Your task: Give back the exact lines of the material below from the one containing "La carta de" through the one containing "订书机、归纳盒、装单箱", and no pictures.

Data extracts:
= Beginning of Section =

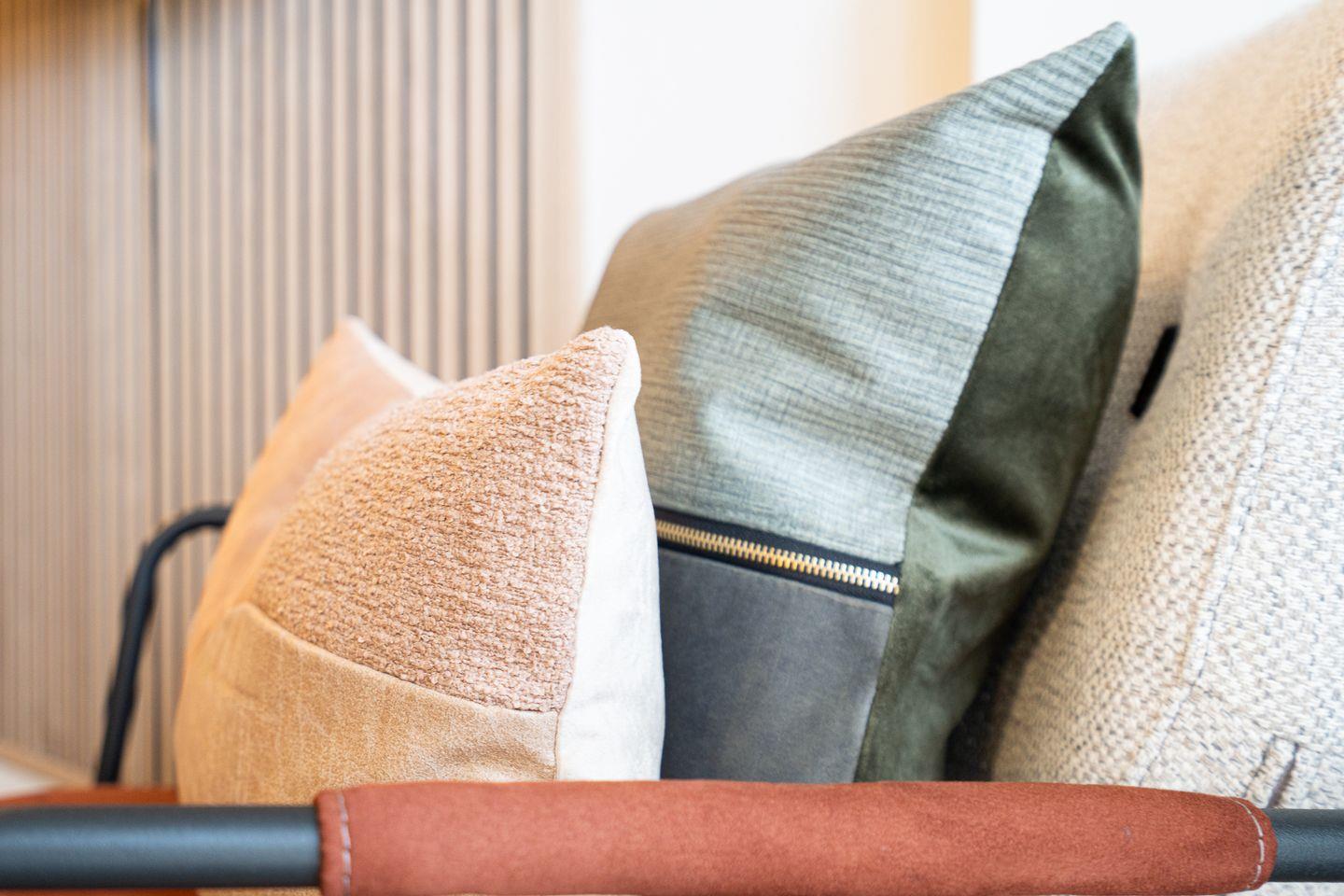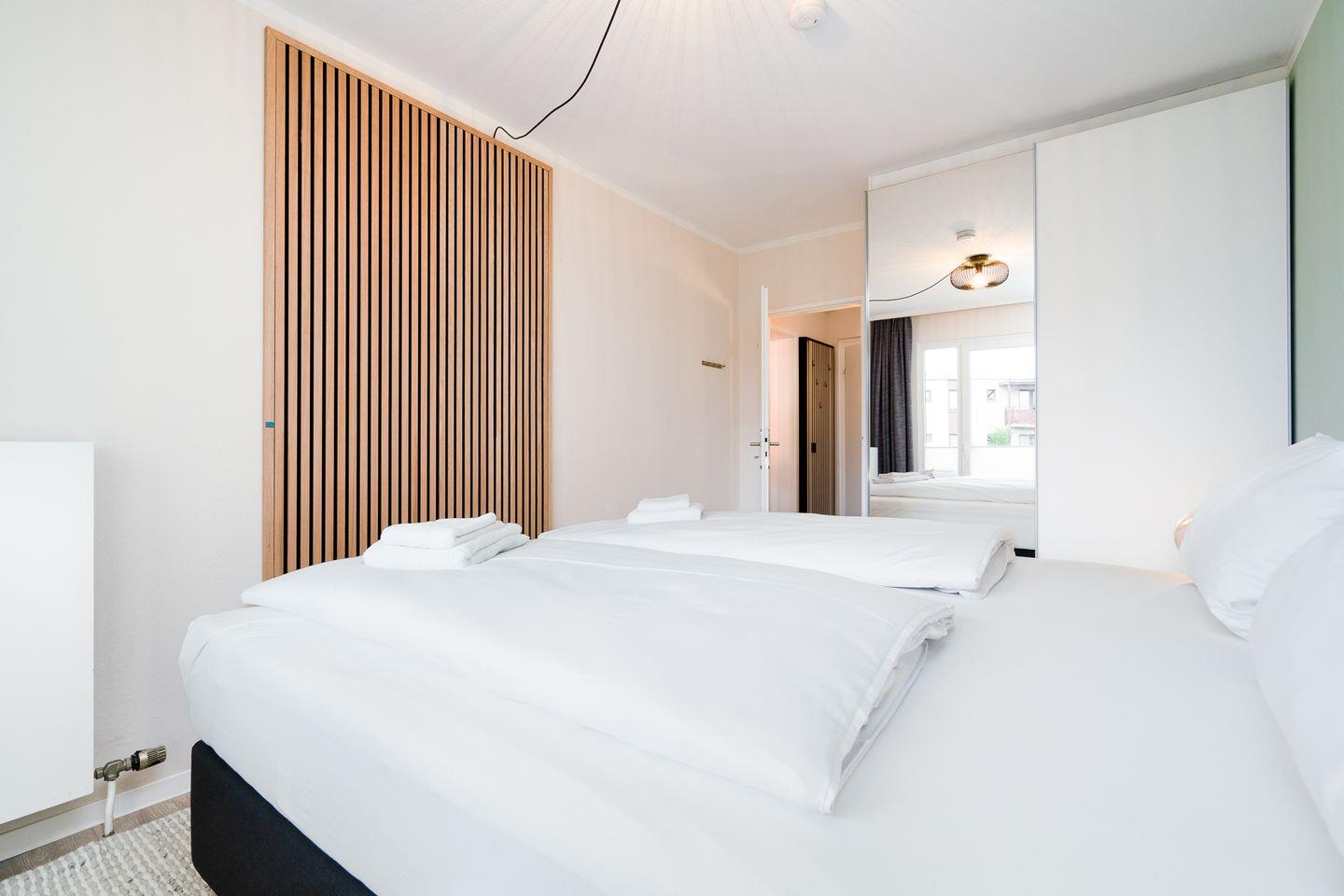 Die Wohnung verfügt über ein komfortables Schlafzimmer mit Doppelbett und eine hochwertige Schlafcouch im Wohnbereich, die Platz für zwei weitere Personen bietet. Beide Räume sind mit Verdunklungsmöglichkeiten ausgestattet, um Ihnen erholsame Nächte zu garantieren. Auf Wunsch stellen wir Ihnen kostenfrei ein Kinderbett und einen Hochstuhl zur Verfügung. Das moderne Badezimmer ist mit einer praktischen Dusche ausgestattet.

= End of Section =
= Beginning of Section =

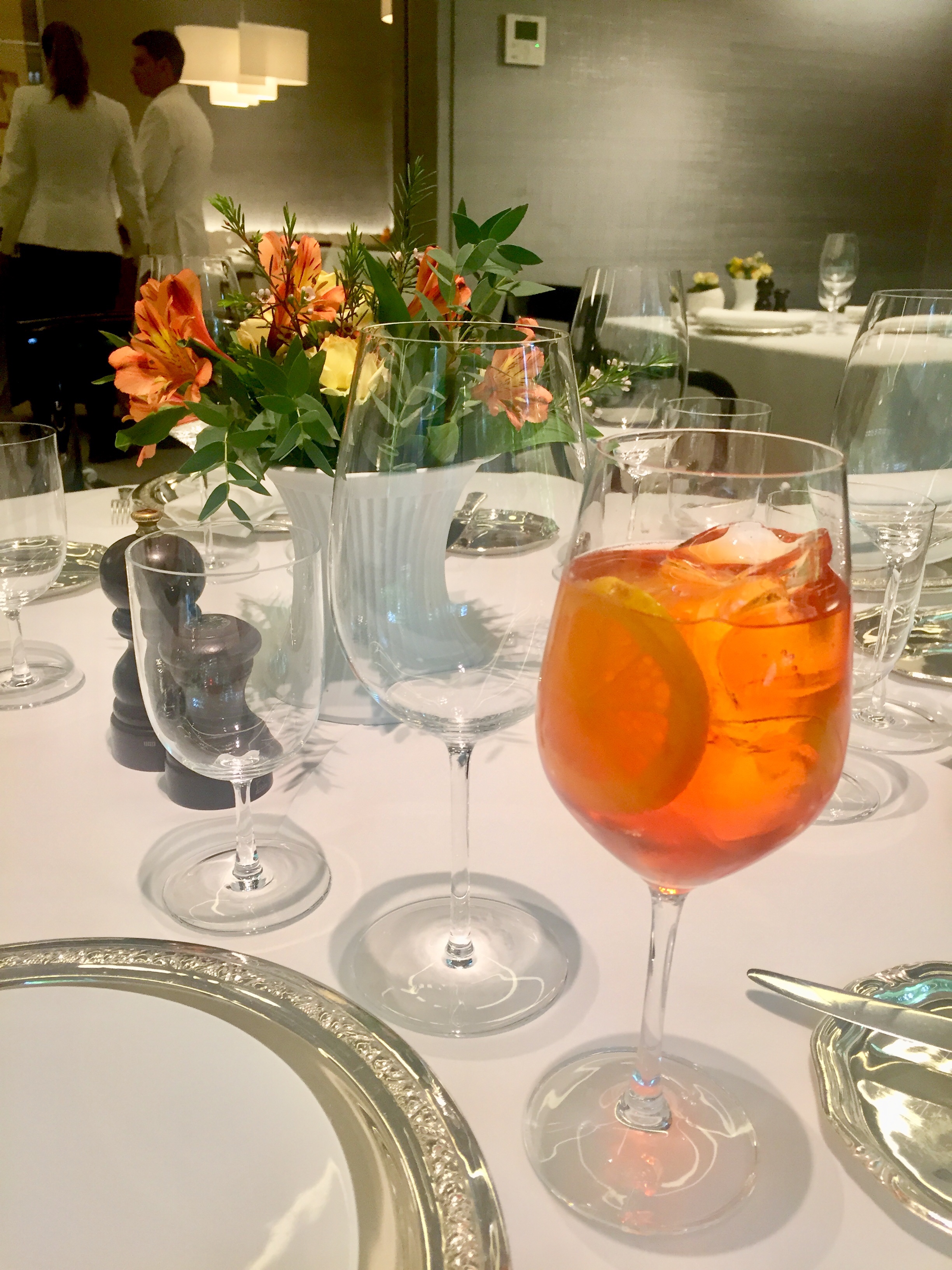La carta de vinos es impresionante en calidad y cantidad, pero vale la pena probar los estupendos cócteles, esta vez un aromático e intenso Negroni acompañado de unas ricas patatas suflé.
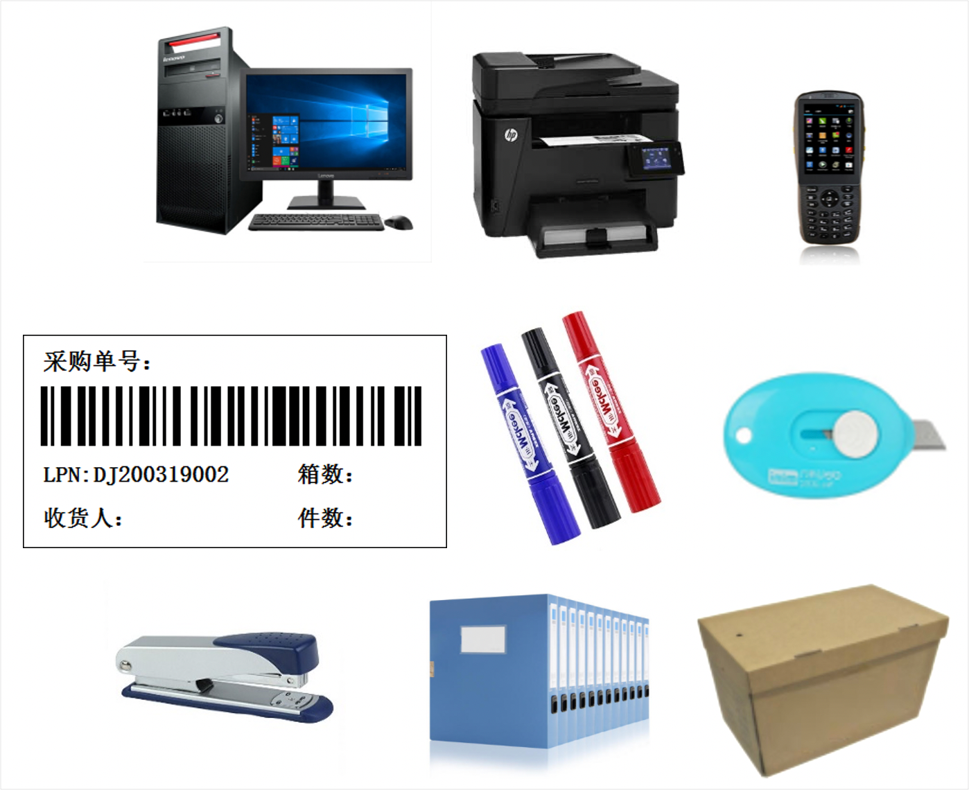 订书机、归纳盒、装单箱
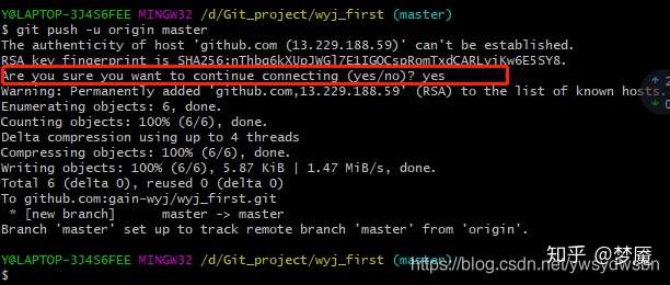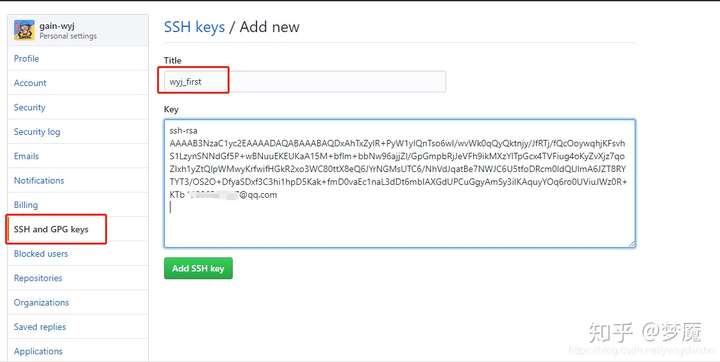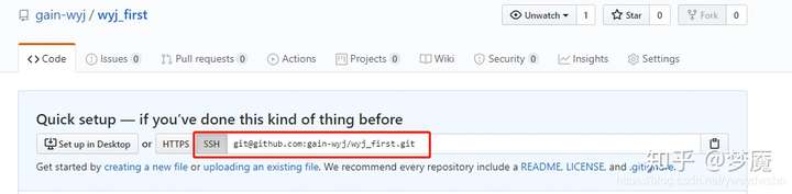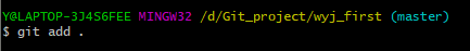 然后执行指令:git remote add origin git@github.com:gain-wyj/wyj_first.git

= End of Section =

The completed task:
La carta de vinos es impresionante en calidad y cantidad, pero vale la pena probar los estupendos cócteles, esta vez un aromático e intenso Negroni acompañado de unas ricas patatas suflé.
 订书机、归纳盒、装单箱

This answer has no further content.